I am currently in a consultancy role, mostly doing penetration tests, but as everyone knows, "A pentest report without a way to fix findings is just a show-off document." Been doing this for close to 3 years. Before that, I spent a year as a SOC analyst for a global corporation, and before that I was a teacher. My hobbies include lockpicking, all ways to get where I'm not supposed to, and privacy.

Hope to learn a lot of valuable stuff here, and if I know an answer, I'll happily share!

[–] [email protected] 1 points 1 year ago

Hey everyone. Jason here. Full-time developer over at the Suricata IDS project.

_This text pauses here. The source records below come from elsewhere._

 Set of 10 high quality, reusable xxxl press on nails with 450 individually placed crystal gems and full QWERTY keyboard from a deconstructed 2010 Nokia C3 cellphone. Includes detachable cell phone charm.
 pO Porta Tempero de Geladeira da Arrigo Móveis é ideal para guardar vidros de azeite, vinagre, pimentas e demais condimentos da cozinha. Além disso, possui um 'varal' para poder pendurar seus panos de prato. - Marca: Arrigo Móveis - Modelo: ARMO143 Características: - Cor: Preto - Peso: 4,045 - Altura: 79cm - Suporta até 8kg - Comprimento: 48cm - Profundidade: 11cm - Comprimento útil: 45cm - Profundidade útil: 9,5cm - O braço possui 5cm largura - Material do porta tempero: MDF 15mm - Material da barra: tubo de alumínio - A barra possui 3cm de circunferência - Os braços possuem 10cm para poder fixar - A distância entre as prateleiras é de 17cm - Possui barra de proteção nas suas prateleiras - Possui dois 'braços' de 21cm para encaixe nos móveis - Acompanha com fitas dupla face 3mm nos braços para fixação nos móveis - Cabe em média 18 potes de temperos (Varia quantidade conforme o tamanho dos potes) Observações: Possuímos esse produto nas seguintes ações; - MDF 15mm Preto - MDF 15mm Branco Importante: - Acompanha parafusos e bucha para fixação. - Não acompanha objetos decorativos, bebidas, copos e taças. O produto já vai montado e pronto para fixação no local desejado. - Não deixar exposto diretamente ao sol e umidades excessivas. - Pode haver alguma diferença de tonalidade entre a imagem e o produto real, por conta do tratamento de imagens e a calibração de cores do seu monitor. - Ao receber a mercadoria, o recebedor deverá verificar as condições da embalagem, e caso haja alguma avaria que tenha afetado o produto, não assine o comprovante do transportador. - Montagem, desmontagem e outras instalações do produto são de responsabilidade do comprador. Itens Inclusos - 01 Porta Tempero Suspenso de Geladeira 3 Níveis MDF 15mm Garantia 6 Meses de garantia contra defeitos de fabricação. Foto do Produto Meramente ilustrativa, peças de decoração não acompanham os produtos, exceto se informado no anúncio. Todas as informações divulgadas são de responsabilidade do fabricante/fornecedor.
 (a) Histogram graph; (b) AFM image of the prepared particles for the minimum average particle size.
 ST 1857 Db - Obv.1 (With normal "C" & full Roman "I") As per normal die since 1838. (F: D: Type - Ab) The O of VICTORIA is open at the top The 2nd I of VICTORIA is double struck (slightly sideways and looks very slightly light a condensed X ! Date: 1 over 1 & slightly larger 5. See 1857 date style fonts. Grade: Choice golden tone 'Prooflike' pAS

[–] [email protected] 1 points 1 year ago

Hey all! I've been in infosec for about 20 years, did some red teaming but have really found the fight in defense. I currently work in the public sector, did some threat hunting and am now specializing in post-compromise remediation and countermeasures.

[–] [email protected] 1 points 1 year ago

Computers since 1980, programming, games, and now for almost 18 years incident response/investigation of computer crimes.

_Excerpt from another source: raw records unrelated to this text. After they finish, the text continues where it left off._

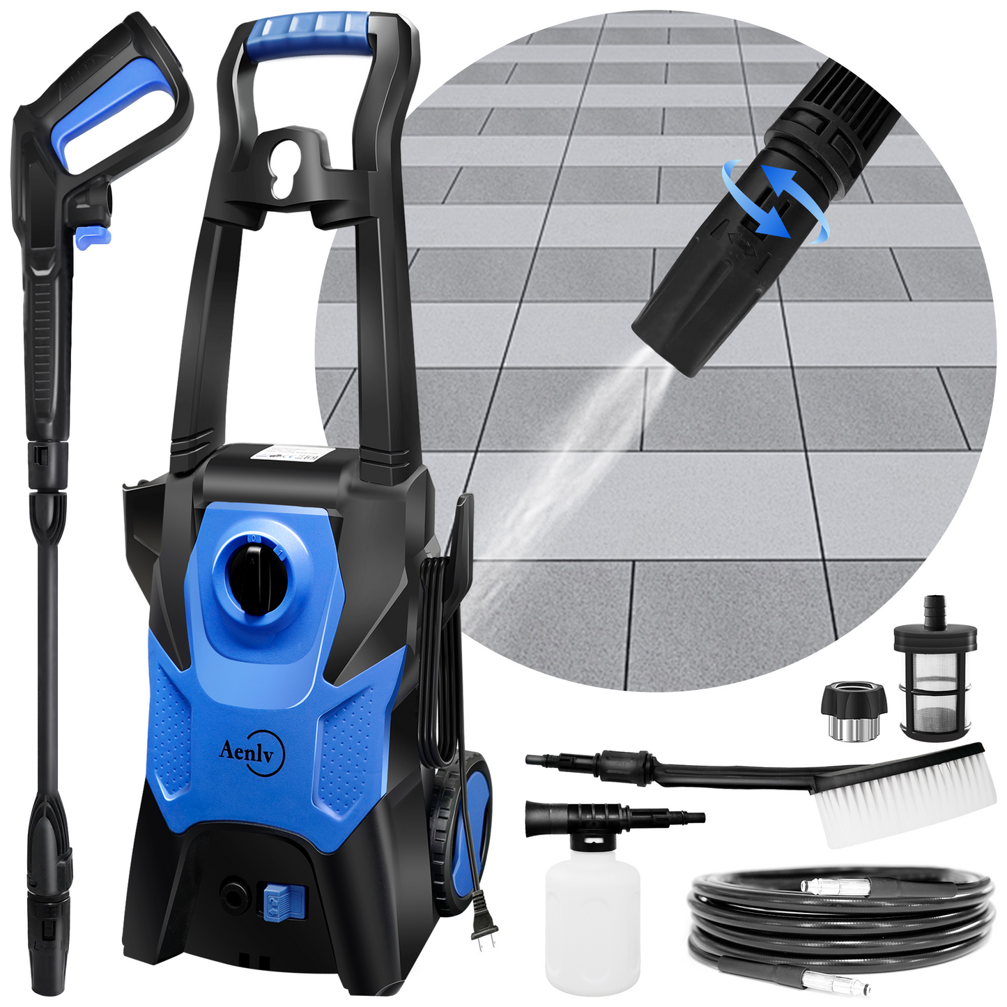 - 【Rotatable Nozzles】: Compared with others, Aenlv electric pressure washer need not to change nozzle, just turn the head of spray gun clockwise or counterclockwise to adjust the pressure. 0~45°for all your needs, tackle grime, rust, mud, & more cleaning task. The attached foam spray produces rich bubbles for washing your car.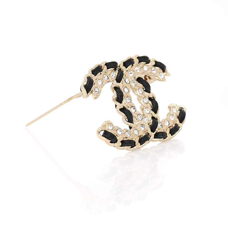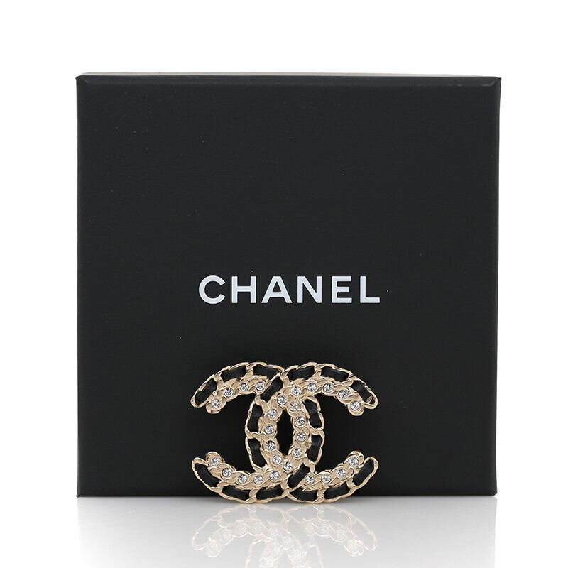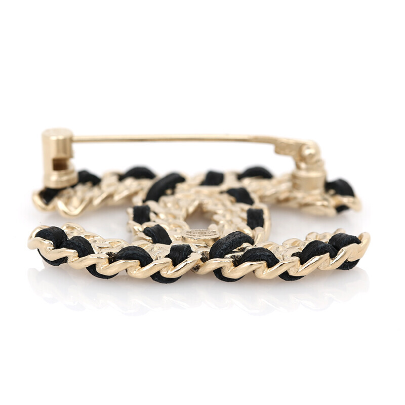 샤넬 CC 체인 브로치 골드 가죽 브롯치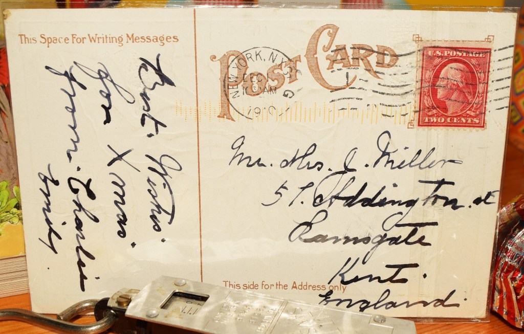 You should be careful about letting the past into your life. What starts as a trickle soon becomes a rich stream and like all rivers- it will occasionally flood. This time last year, I received a Christmas postcard from New York. The postage stamp shows it was sent in 1910 by ‘Charlie and Emily’ and addressed to a ‘Mr and Mrs J. Miller’. The card arrived at our house in Addington Street, Ramsgate on the 23rd December 2016, bringing with it the final flurry of Christmas post… As well as the first of several ghosts.

I am retired LEO, that now works for a security company (easy to figure out, not many folks named Vern) doing DFIR work in the OT space, including Incident Response Plan development and Tabletop Exercise design and execution. I taught DFIR at the college level for over a decade, but am on a break from that.

I went into management/leadership, but I stepped back to individual contributor about 15 years ago and it was the right choice for me. I love the zeros and ones, solving puzzles, and helping folks that are in a crisis.

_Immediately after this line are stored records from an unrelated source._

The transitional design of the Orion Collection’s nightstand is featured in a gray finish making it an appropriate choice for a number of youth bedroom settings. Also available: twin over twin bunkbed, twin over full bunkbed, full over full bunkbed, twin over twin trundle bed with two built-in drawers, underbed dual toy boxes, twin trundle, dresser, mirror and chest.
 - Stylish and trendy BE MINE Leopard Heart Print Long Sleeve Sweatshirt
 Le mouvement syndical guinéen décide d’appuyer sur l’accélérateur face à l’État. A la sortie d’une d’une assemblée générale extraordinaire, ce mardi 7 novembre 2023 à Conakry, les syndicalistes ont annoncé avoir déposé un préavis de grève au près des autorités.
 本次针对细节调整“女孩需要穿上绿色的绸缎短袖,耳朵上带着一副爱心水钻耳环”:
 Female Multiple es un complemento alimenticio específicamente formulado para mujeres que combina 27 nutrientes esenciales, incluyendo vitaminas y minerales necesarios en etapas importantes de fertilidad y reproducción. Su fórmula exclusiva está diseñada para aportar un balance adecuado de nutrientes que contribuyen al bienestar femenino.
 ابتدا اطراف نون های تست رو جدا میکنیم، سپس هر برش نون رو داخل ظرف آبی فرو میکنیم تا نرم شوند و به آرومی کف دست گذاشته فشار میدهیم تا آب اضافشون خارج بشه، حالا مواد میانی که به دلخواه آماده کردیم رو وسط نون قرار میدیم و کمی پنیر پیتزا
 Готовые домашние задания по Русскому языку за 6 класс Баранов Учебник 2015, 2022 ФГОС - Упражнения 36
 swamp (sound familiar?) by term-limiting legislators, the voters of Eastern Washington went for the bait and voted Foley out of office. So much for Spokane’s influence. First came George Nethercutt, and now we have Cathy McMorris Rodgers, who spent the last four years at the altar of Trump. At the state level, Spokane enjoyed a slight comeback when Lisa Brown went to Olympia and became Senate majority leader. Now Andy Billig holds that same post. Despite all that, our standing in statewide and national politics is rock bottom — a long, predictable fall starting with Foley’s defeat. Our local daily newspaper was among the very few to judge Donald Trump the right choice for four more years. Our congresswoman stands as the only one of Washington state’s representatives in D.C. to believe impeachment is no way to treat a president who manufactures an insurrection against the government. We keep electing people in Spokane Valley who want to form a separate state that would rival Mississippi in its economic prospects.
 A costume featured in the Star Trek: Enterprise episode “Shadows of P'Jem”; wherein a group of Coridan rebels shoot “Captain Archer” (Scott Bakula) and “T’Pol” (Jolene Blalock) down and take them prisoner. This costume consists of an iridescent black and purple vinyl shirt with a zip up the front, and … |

[–] [email protected] 1 points 1 year ago

In professional IT since '06, but I've been playing with (and fixing) computers since playing with my dad's Timex Sinclair at the age of two. I'm a generalist who focuses mainly in OSes and automation, but I've had experience working in databases, mainframe performance tuning, security, cloud infrastructure, pretty much anything but web front-ends outside of tweaking a really basic Livejournal page's HTML. 😂

I've gotten as high as a domain and solutions architect; my three domains were Servers (Linux), Security, and Automation/SOA/DevOps (yes, I was a DevOps Architect, as much of an antipattern as that is... I didn't make the titles! 😅). Currently looking for a new SRE/DevOps/DevSecOps gig after getting let go during some layoffs recently.

As far as InfoSec is concerned, I take a very strong "Security is everyone's responsibility" approach, since it's us humans against the machines and "bad guys." Even a newbie can pull a Cliff Stoll and say, "Huh, that's funny." We need to band together in community, so I'm hopeful this will be a net-positive.

[–] [email protected] 1 points 1 year ago

👋 infra sec blue team lead for a large tech company

[–] [email protected] 1 points 1 year ago

Hi, security consultant and service developer focusing on OT and DFIR. Working for an international consulting firm, based in Europe. Originally a chemical engineer. Big fan of knowledge sharing!

[–] [email protected] 1 points 1 year ago

IR dude with ~10 years experience across different infosec disciplines. Currently working toward making the jump to offsec/pen testing. Privacy advocate. Trying out Lemmy because of Reddit's 3rd party API shenanigans.